The packing list from the vendor is kept in an open file until the invoice is received. Any
information about discrepancies and/or damaged goods is transferred to the invoice when it is
received, and the invoice is adjusted accordingly. The packing list is then used by the
bookkeeper to make inventory tags. The sales clerks attach the tags to the merchandise in their
spare time.
Cash Disbursements:
When the vendor’s invoice is received, the packing list is pulled and checked for discrepancies.
Any problems are handled by phone; the two documents are stapled together and filed by due
date. Most invoices carry a 2/10, net 30 discount.
All checks are pre-numbered and controlled by the owner. On the tenth of each month, Joe pulls
all the invoices, issues the checks, and mails them. Joe pays all other bills on the 15th of each
month. He also keeps track of the payroll, which is paid on the first and sixteenth of the month.
He enters all amounts to the check register.
Other Procedures:
The bookkeeper prepares customer statements by making a copy of the A/R subsidiary cards.
The statements are mailed to customers at the end of each month. At this point there is no real
effort to monitor the accounts receivable balances, and no interest is charged on accounts.

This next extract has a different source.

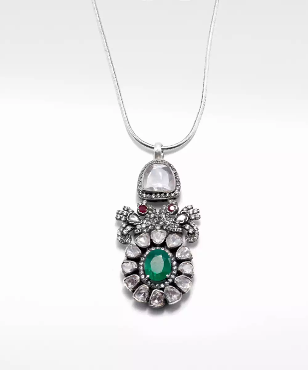 Exude Elegance And Charisma By Wearing This Silver Necklace, Which Is Crafted With Peacock Motifs And Studded With Moissanite Gemstones And Green Onyx.

Joe reconciles the bank statement and takes care of all debit/credit card activity. A periodic
inventory is completed on January 1 and July 1. All available employees assist with the
inventory.
An outside accountant is retained to assist with taxes and preparation of any annual financial
reports that may be needed. The store currently maintains a daily sales register, a check register,
and a file of accounts receivable subsidiary cards. No other books are being maintained.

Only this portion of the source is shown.